There continues to be very patchy coverage of the progress and outcomes of Interest Rate Hedging product reviews. The impression would be that the majority of cases have gone through the FCA approved process to have the facts reviewed by an independent reviewer and for compensation to be paid where appropriate. Many of those initial compensation payments have indeed been made – but the more complex aspects of compensation will be the payments to be made for ‘Consequential Loss’.
Consequential Loss claims are complex and it is very important to understand what qualifies and what doesn’t and then to be able to present the facts in a compelling way. These cases will be ruthlessly examined by the banks. One case handled by us will have implications on the business over the next five years and if it is agreed will involve the bank making an assessment annually based on the release of financial information.
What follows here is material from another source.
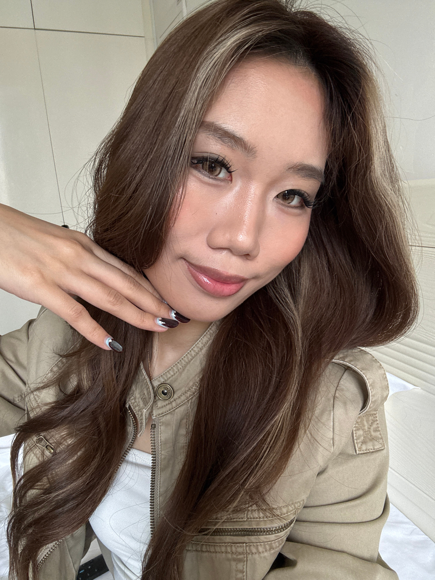 A woman lies down, facing the camera. She has long brown hair with blonde highlights and light skin. She is wearing a beige jacket over a white shirt. Her right hand is resting on her cheek. Her nails…read more

Meanwhile two pivotal issues have been pursued to the Courts, which could have an effect on some cases which could have been considered to have been dealt with:
An important judgement in the case of ‘Suremine Ltd v Barclays Bank plc’ has created the opportunity for the borrower to make a claim that the bank was negligent in conducting the review in the way that it did. The claimant had objected to the outcome of the banks review and specifically the banks decision about the ‘replacement product’ that the bank decreed would have been taken out instead of the SWAP. This is common in many cases and has the effect of reducing the amount of the compensation paid. Suremine argued that the bank had a duty of care to the customer to conduct the review in their interests, but the bank argued that their duty of care was to the FCA, to conduct the review in accordance with the process. This is a finely balanced argument and the judge gave permission for the claim to proceed.
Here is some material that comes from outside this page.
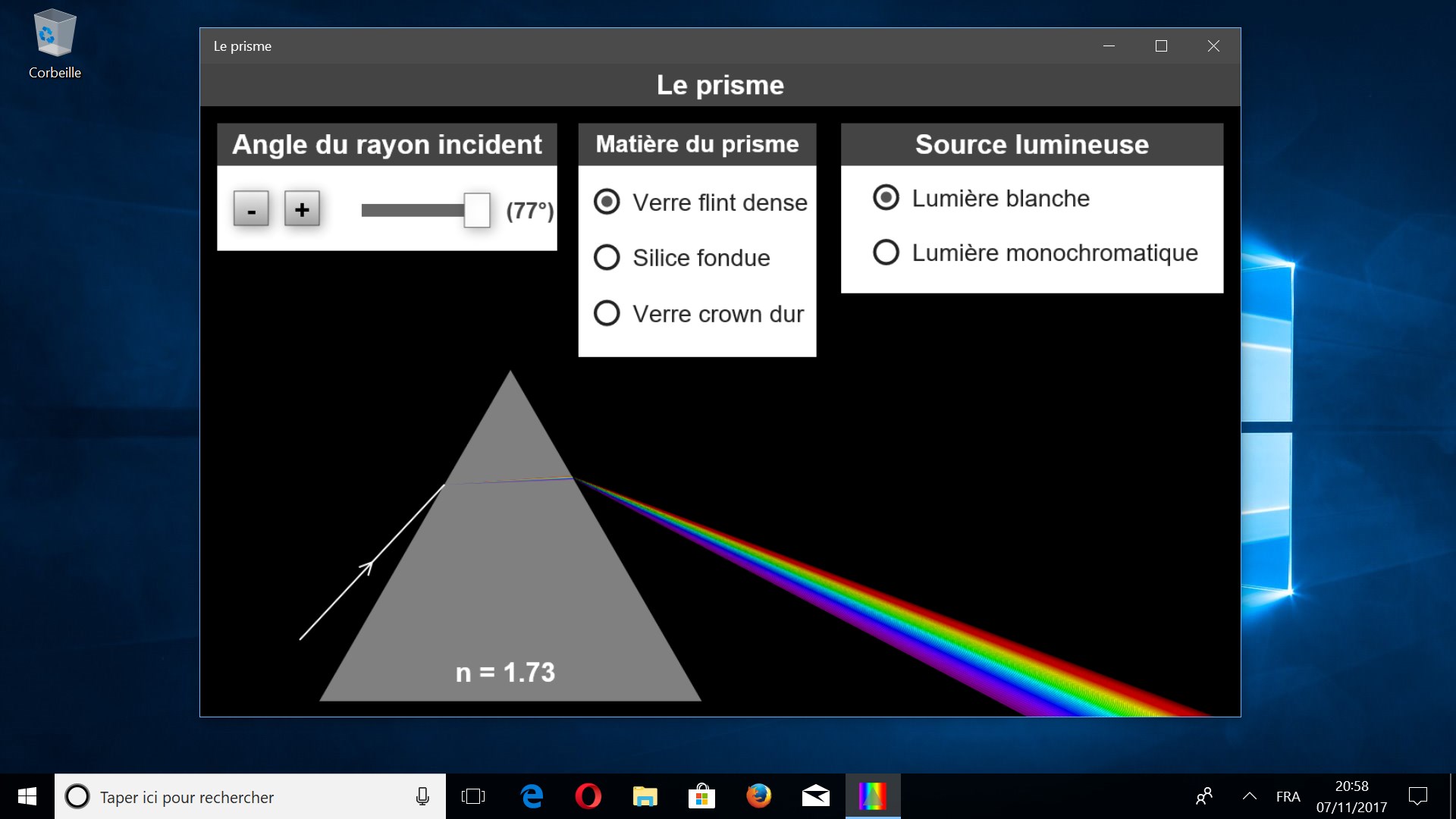 L’application « Le prisme » permet d’étudier la dispersion de la lumière blanche par un prisme ( vous avez le choix entre trois prismes d’indice différents ).

Another important point came out of this case which has not been picked up on as much as the above issue. This is the impact that this could have on ‘time-barred’ claims. Many of these miss-selling cases couldn’t be pursued in the courts because of the time elapsed under the Statute of Limitations. However if the outcome of this case is positive for the claimant it could have the impact of effectively ‘starting the clock again’ with the actual review (rather than the miss-selling event).
This will be a case to watch.
Other cases are in the pipeline which are claiming that as the banks have been ‘found guilty’ of manipulating LIBOR their IRHP contracts linked to LIBOR are invalidated. A moot point here is that the banks have not technically been ‘found guilty’. Company formation Financial regulator reviews (here and in the US) have led to fines being imposed but that is not technically the same. Again if a court rules on a case such as this it will create a major precedent.
A lot therefore going on behind the scenes – despite it having gone quiet in the regular Sunday papers!